• **What you need to do**:
For the entries below, copy exactly the line that contains "Kids 49CC Petrol" through the line that contains "Ну а для тех, кому", both ends included, and exclude all pictures.

-------- Extracted entries

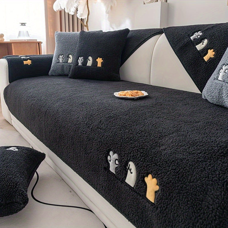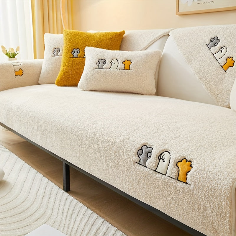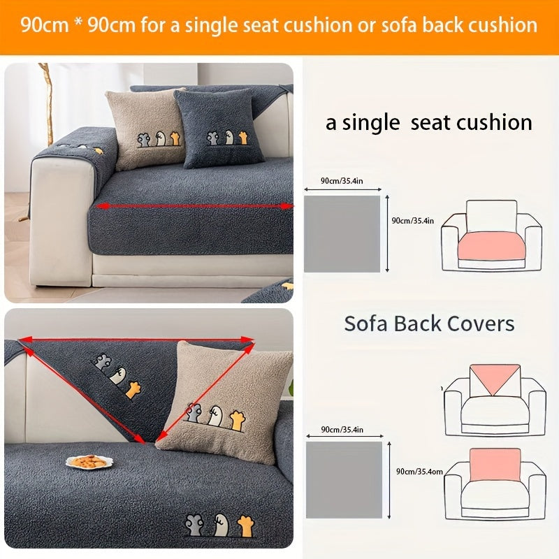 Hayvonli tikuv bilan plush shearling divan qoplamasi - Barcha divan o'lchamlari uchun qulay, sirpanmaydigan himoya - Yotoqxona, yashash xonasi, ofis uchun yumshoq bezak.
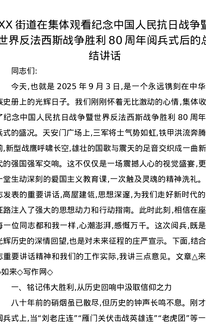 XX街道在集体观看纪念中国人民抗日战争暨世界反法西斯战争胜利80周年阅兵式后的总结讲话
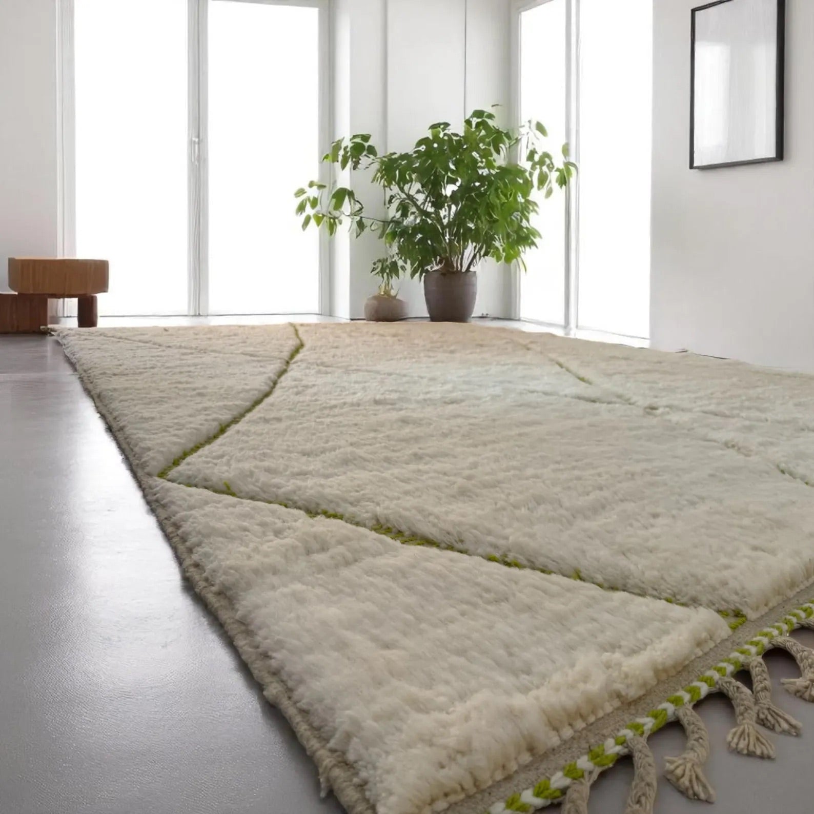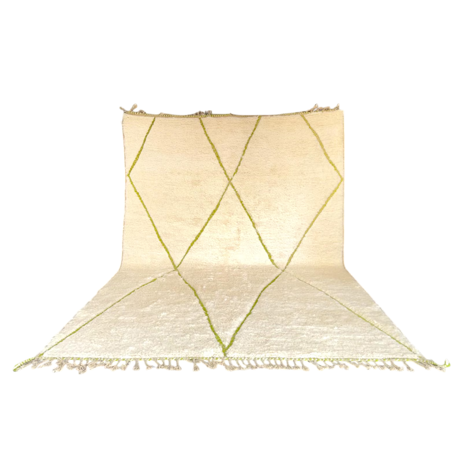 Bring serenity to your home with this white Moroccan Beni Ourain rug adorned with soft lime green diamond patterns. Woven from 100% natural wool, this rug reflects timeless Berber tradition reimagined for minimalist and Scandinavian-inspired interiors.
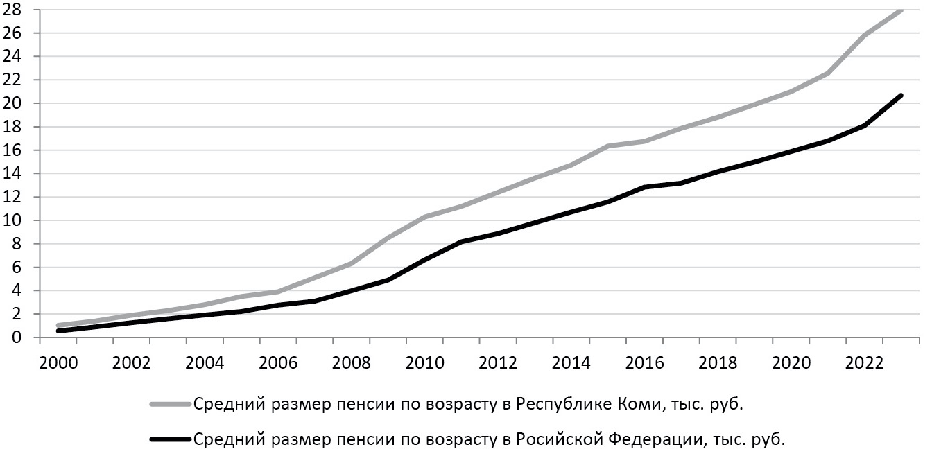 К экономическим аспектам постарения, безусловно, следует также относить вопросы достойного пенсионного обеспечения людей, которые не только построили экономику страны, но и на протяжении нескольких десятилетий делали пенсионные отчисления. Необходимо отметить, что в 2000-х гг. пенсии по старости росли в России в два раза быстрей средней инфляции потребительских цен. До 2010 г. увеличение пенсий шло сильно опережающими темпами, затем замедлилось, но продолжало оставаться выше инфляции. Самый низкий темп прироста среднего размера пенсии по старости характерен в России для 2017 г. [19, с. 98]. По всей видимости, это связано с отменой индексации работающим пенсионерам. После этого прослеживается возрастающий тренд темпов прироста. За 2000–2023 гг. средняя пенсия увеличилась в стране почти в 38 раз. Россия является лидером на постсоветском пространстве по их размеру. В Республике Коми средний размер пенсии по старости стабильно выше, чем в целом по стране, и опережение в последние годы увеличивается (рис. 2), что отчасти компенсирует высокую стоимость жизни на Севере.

----------------
-------- Extracted entries

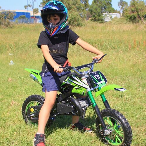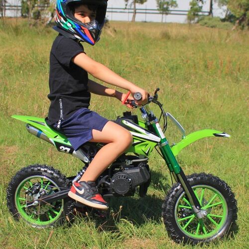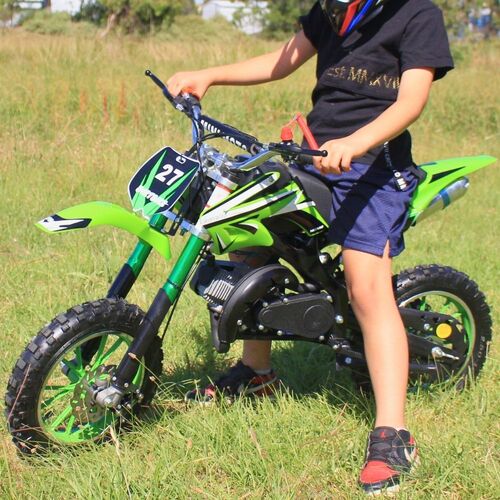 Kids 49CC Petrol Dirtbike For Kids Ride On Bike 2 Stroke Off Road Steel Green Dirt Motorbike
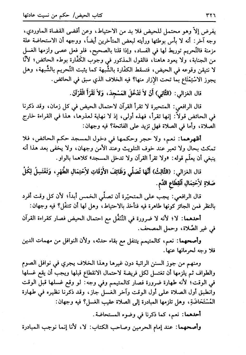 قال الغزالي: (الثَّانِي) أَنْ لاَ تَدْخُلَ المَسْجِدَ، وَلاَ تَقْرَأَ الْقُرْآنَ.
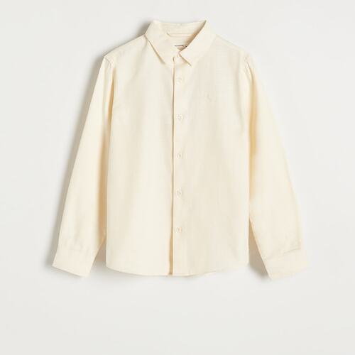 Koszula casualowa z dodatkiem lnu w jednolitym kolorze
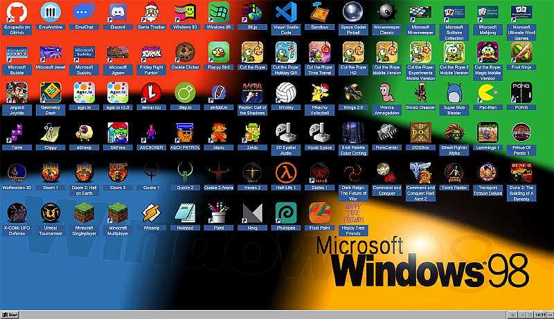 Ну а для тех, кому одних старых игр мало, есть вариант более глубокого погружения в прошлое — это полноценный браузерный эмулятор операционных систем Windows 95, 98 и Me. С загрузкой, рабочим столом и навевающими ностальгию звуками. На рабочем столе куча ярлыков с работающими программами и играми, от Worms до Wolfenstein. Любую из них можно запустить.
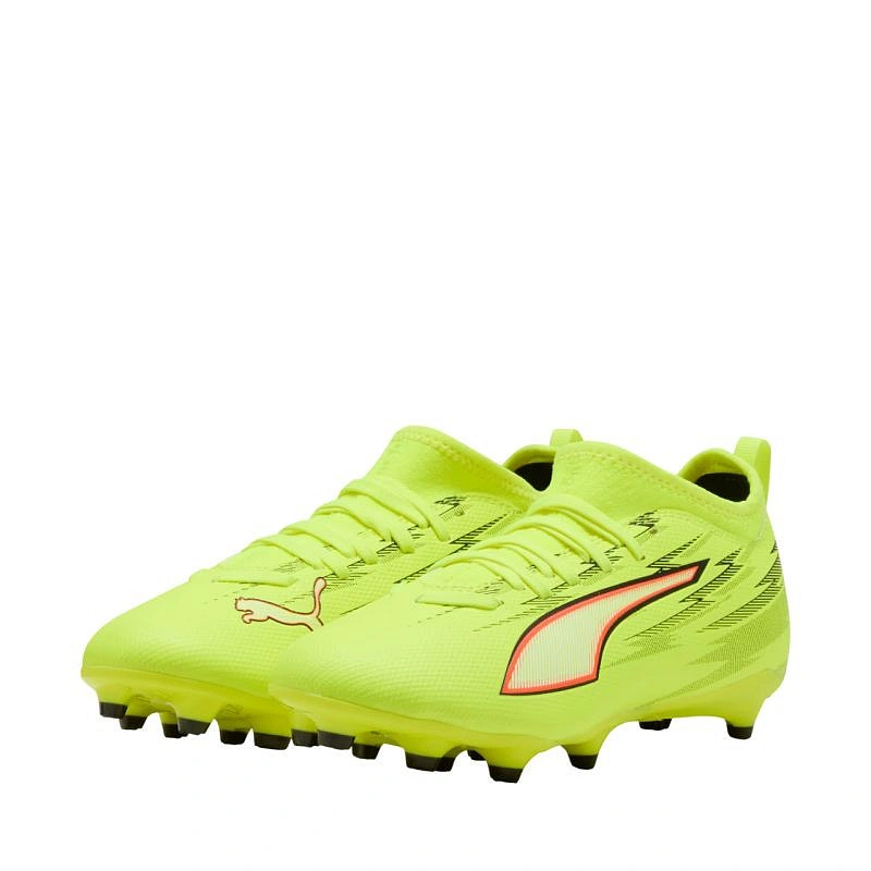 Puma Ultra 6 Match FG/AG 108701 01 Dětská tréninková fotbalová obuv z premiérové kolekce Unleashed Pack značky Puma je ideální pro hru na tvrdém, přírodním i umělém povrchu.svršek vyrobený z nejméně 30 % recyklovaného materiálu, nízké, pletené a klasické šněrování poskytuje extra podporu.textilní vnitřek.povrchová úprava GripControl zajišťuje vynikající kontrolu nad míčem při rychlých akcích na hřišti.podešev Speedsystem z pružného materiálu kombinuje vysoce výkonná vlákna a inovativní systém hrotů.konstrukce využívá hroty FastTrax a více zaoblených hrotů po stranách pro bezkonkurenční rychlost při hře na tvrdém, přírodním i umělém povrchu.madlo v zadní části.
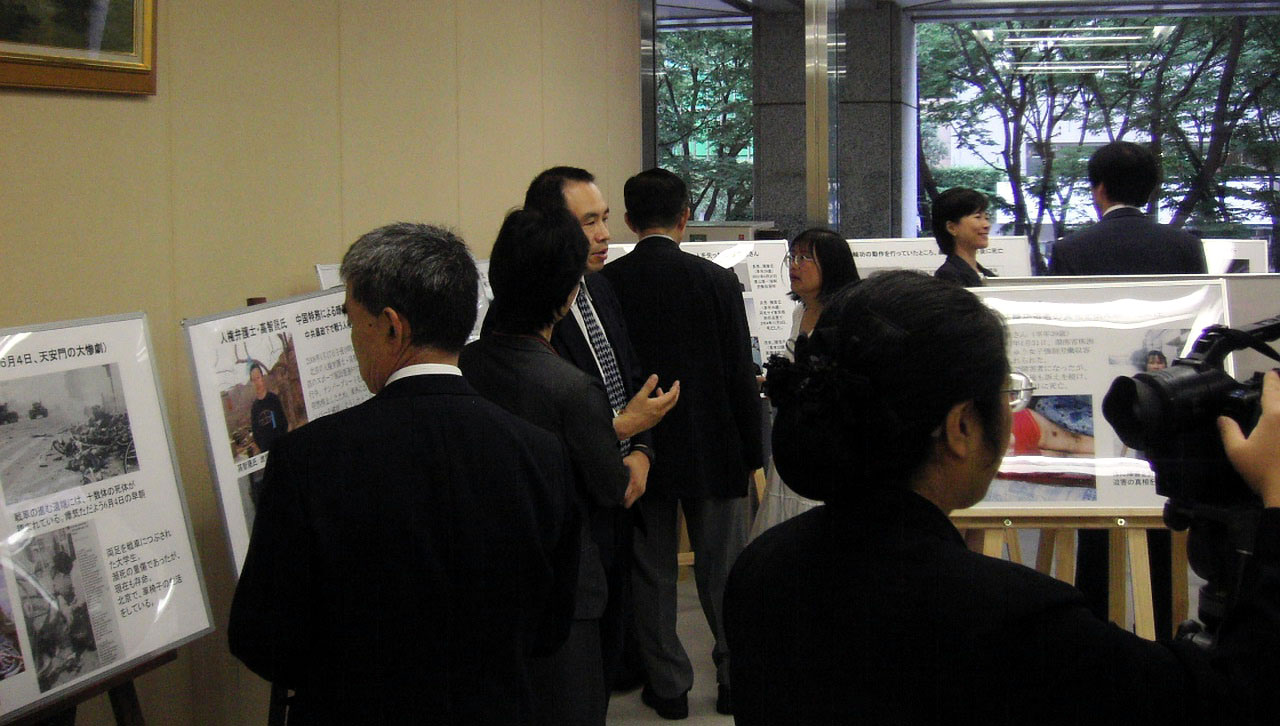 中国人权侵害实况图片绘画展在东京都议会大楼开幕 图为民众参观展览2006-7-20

----------------
-------- Extracted entries

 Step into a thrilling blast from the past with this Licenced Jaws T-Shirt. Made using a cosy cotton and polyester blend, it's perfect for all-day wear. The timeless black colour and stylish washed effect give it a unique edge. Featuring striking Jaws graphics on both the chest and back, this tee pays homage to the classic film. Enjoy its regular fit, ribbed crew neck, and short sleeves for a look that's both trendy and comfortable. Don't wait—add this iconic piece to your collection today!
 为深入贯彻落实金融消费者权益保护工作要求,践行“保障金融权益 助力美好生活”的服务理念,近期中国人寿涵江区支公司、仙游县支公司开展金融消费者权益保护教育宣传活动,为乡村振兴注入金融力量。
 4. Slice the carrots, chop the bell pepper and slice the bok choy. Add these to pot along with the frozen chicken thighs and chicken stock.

----------------

• **Expected output**:
 Kids 49CC Petrol Dirtbike For Kids Ride On Bike 2 Stroke Off Road Steel Green Dirt Motorbike
 قال الغزالي: (الثَّانِي) أَنْ لاَ تَدْخُلَ المَسْجِدَ، وَلاَ تَقْرَأَ الْقُرْآنَ.
 Koszula casualowa z dodatkiem lnu w jednolitym kolorze
 Ну а для тех, кому одних старых игр мало, есть вариант более глубокого погружения в прошлое — это полноценный браузерный эмулятор операционных систем Windows 95, 98 и Me. С загрузкой, рабочим столом и навевающими ностальгию звуками. На рабочем столе куча ярлыков с работающими программами и играми, от Worms до Wolfenstein. Любую из них можно запустить.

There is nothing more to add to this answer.